One piece of solace for the family is that Jean is now at home again having spent nine days at the hospital with little contact with her family due to the risk of contagion.

Simon said: "I had the experience of attending Warwick Hospital to drop off a mobile phone for our mum so we could keep in contact with her.

"I was not able to enter the ward but was held at the entrance.

"I had the strange experience of exchanging my mum's bag for my dad's last possessions held in a sealed plastic bag and I was unable to check the contents for three days.

"Trying to call through to the ward was also a struggle because there are so many people suffering in need of help the staff don’t have time to staff the phone.

"So it rings out until eventually, you get through."

"But from this sadness came a glimmer of hope with Jean fighting through the virus to eventually come back home.

"It was a bittersweet moment for her but a lasting legacy for others.

"She's strong, she's awesome and she's a shining example of how powerful women can be and how people can overcome incredible odds against them."

Simon tried tirelessly and eventually managed to secure a 30-minute slot at Oakley Wood crematorium for just four family members to attend a funeral for Harold this week.

"A 30-minute slot for 90 years of life, such are the times we are living in," said Simon.

"The knock-on effects of death by this virus are formidable on family members.

"Funerals must be completed within two weeks.

"There's a backlog of bodies so it takes days to recover your loved ones and that’s a struggle to get through on the phone to undertakers because they are all so busy with the dead.

"It’s like the doors opening at a shop for the Boxing Day sales at 6am when everyone crushes the entrance yet no one can get through.

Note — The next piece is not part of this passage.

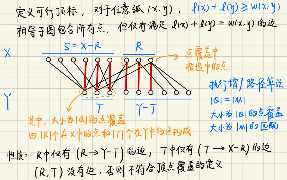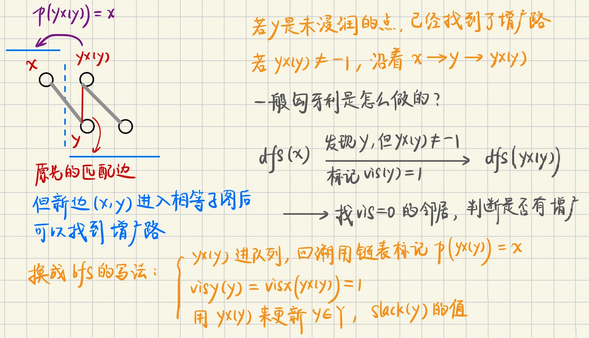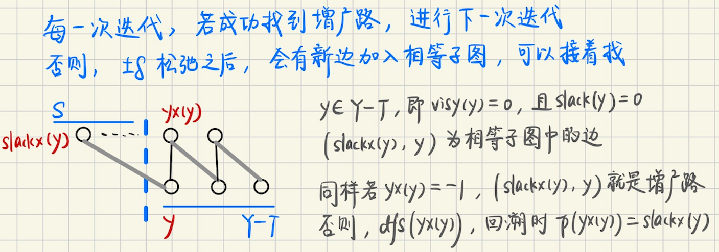 ## 二分图带权匹配 考虑处理的图是完全图$$K\_{n, n}$$,如果不满足,可以插入缺少的边,并让其权值为`0` 我们处理的各个边都是非负权值的,所以有某个权值最大的匹配是完美匹配,考虑最大权匹配及其对偶问题 ### 加权二分匹配及其对偶 **问题模型** 有$$n$$个农场生产玉米,$$n$$个加工厂,农产$$i$$生产的玉米,给加工厂$$j$$,产生利润$$w(i, j)$$ 现在需要找到一个匹配,使得总利润最大 同时,政府希望少生产点玉米,如果农业公司不选择农场$$i$$,政府补贴$$u_i$$,如果不使用加工厂$$j$$,政府补贴$$v_j$$ 政府支付的补贴,必须对所有$$i, j, \quad u_i + v_j \geqslant w(i, j)$$成立,同时希望有一个方案,使得$$\sum u_i + \sum v_j$$最小 **定义** **最大权匹配** 一个$$n \times n$$矩阵的**截断**,每行每列各取一个元素得到的$$n$$个位置,找出和最大的一个截断,这就是**最大权匹配问题** 将非负权值$$w(i, j)$$分配给$$K\_{n, n}$$的边$$(x_i, y_j)$$,找出完美匹配$$M$$使得$$w(M)$$最大 **最小权覆盖** 给定所有边的权值,对标记$$\\{u_1, u_2, \cdots, u_n\\}, \\{v_1, v_2, \cdots, v_n\\}$$适当选择 使得$$u_i + v_j \geqslant w(i, j)$$对任意$$i, j$$均成立,覆盖$$(u, v)$$的代价$$c(u, v) = \sum u_i + \sum v_j$$ 最小权覆盖,使得最小的一个覆盖 **最小权匹配** 很简单,选一个很大的$$M$$,然后权值调整成$$M-w(i, j)$$,求最大权匹配 ### 对偶性 对于加权二分图$$G$$的一个完美匹配$$M$$和加权覆盖$$c(u, v)$$,有$$c(u, v) \geqslant w(M)$$ 并且$$c(u, v) = w(M)$$当且仅当$$M$$是满足$$u_i + v_j = w(i, j)$$的边$$(x_i, y_i)$$组成的 简单来说,最大权匹配 = 最小权覆盖 > 证明 > 必要性,在$$M$$的每一条边上,对约束$$u_i + v_j \geqslant w(i, j)$$求和,就有$$c(u, v) \geqslant w(M)$$ 充分性,$$c(u, v) \geqslant w(M)$$对任意匹配和覆盖都成立,$$c(u, v) = w(M)$$就表明最优了 ## 匈牙利算法 **相等子图** 是$$G$$的生成子图,但是只包括满足$$l(x) + l(y) = w(x, y)$$的边$$(x, y)$$ 其中$$l(x)$$是可行顶标,必须满足$$l(x) + l(y) \geqslant w(x, y)$$  **算法思路** 不难想到,任意构造一个可行顶标,比如$$Y$$的顶标是$$0$$,$$X$$的顶标取从它出发的所有边的最大权值 然后取相等子图的最大匹配 如果存在完美匹配,那么算法终止,否则修改顶标,使得相等子图的边变得更多,则有更大机会存在完美匹配 **怎么修改顶标呢?考虑一些性质** 1.$$(X-R, Y-T)$$是没有边的,否则可以继续增广,因为$$R$$已经是增广路径算法找到的,$$\in X$$的最大点覆盖了 另外,$$(R, T)$$的边均为非匹配边,因为$$R, T$$都是$$\in |Q|$$的点覆盖 因为`最小点覆盖 = 最大匹配`,点覆盖中的任意两个点,都是非匹配边 2.令$$S = X-R$$,在相等子图上执行增广路径算法,考虑**匹配边**$$(S, T) \leftarrow (X-R, T)$$ 怎么修改顶标呢?首先要保证**原来的匹配边**$$(S, T)$$不会离开相等子图 可以考虑将$$S$$中所有点的顶标$$-\delta$$,同时$$T$$中所有点的顶标$$+\delta$$ 这样,原来相等子图中没有$$(S, Y-T)$$的边,将$$S$$中的顶标减小一定的数$$\delta$$之后 就可能有$$(S, Y-T)$$的**新边加入相等子图**,不断调整顶标,使得相等子图中的边尽可能多 3.那么,接下来的问题主要就是,$$\delta$$应该取多少? 对于相等子图,必须保证$$l(x) + l(y) \geqslant w(x, y)$$恒成立 首先,原来的相等子图,$$(S, T): \quad l(x) + \delta, \ l(y) - \delta$$,其中$$l(x) + l(y)$$是不变的 仍然能够保证$$l(x) + l(y) \geqslant w(x, y)$$ 现在考虑将新边$$x \in S, y \in Y-T$$加入相等子图,是否仍然保持恒成立?实际上 ```math \displaystyle \begin{cases} l'(x) = l(x) - \delta \\ l'(y) = l(y) \end{cases} ``` 那么我们需要$$l'(x) + l'(y) = l(x) - \delta + l(y) \geqslant w(x, y)$$恒成立 也就是说,我们要保证$$\delta \leqslant l(x) + l(y) - w(x, y)$$恒成立 我们取$$\delta = \min(l(x) + l(y) - w(x, y))$$即可 **匈牙利算法** 给$$T$$中的每个点$$y$$定义松弛量$$\text{slack}(y) = \min\\{l(x) + l(y) - w(x, y)\\}$$ 在算法执行的时候,维护相等子图的$$(S, T)$$,迭代的时候考虑$$T'$$中的点 令$$\delta = \min \\{\text{slack}(y), \quad y \in Y-T \\}$$,继续增广 ### 算法实现 如果边$$(x, y)$$加入相等子图,那么有如下两种情况 情况一,如果$$y$$未浸润,那么找到增广路 情况二,如果$$y$$已经和$$S$$中的点$$yx(y)$$匹配,那么将$$yx(y), y$$分别加入$$S, T$$中 为了实现匈牙利算法,还需要定义一些东西 首先是,对于$$x \in S$$,枚举$$y \in Y$$中的每个节点 定义**松弛量**$$\text{slack}(y) = \min \\{lx(x) + ly(y) - w(x, y)\\}$$ 实际松弛的时候,我们用`visy(y) = {1 or 0}`来标记$$y$$是在$$T$$集中,还是$$Y-T$$集中 根据之前的分析,新加入**相等子图**的边$$(x, y)$$,满足$$x \in X, y \in Y-T$$ 并且有$$lx(x) + ly(y) = w(x, y)$$ 另外还有,相等子图中,$$\text{slack}(y) = \min \\{lx(x) + ly(y) - w(x, y) \\}$$ 每次迭代中,**新加入**的每个$$x \in S$$,都可能会对$$\text{slack}(y)$$有影响  > 用 bfs 来实现匈牙利算法 **基本算法框架** 1.迭代$$nx$$次,每次迭代都尝试找出**一条**增广路$$(ex, ey)$$,具体怎么找呢? 2.和朴素匈牙利算法框架一样,一开始时候`visx, visy, p, slack`数组清空 ```bash visx.assign(nx, 0), visy.assign(ny, 0) slack.assign(ny, +infty) p.assign(nx, -1) ``` 先扩张$$S$$集,把未浸润的点,满足$$xy(x) = -1$$的$$x$$进队列(相当于`dfs(x)`) 然后进行`bfs`,每次取队头元素 3.注意到此时队列中的元素,都是满足$$xy(x) = -1$$的未匹配点,如果能够在**相等子图**中找到$$y \in Y$$ 并且$$yx(y) = -1$$,那么$$(x, y)$$就是增广路,具体来说 考虑所有$$y \in Y-T$$(即`visy(y) = 0`)的点$$y$$,如果$$lx(x) + ly(

But swap that analogy as phone calls held in a queue for tens of minutes until you get fed up and try again later only to face the same thing because someone else has died in the time you’ve taken to make the same call again. It’s relentless."

"It’s a set of circumstances that my mum talked about that was similar to their experiences in the Second World War, except they knew when and where the enemy was coming and they knew what to expect.

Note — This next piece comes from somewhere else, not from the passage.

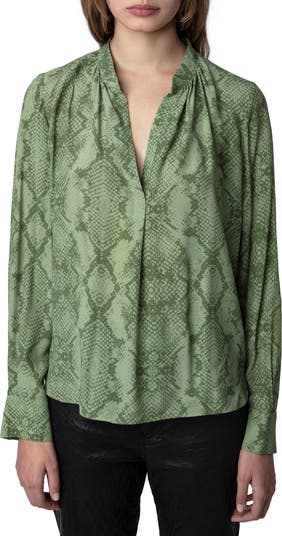 Python scales are replicated in the tonal print of a high-low popover blouse with an easygoing, untamed feel.

"The trouble is, so my mum says, is you can’t see this disease and you just never know who or when it will get somebody.

"It’s insidious and it plays on her mind now.

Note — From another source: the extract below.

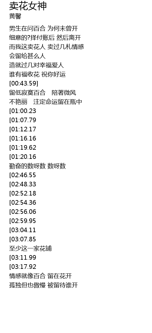| [02:36.14][01:12.17] | 约我这一个卖花女神 |

"We are grateful to have mum home and we now look forward to supporting her in this different life ahead of her.

"So, as Captain Tom Moore says, 'tomorrow will be better'."

Simon experienced much trauma and life-changing incidents during his time serving as a Warwickshire policeman but he says his experience of the pandemic is different.

As a message to readers of this article, he said: "Stay at home, stay safe and protect the NHS because they need it more than ever right now.

"I hope readers will maintain their commitment to the Government's directions until one day we finally beat this pandemic.

"But, sadly, there will be many more loved ones that will be lost on this journey."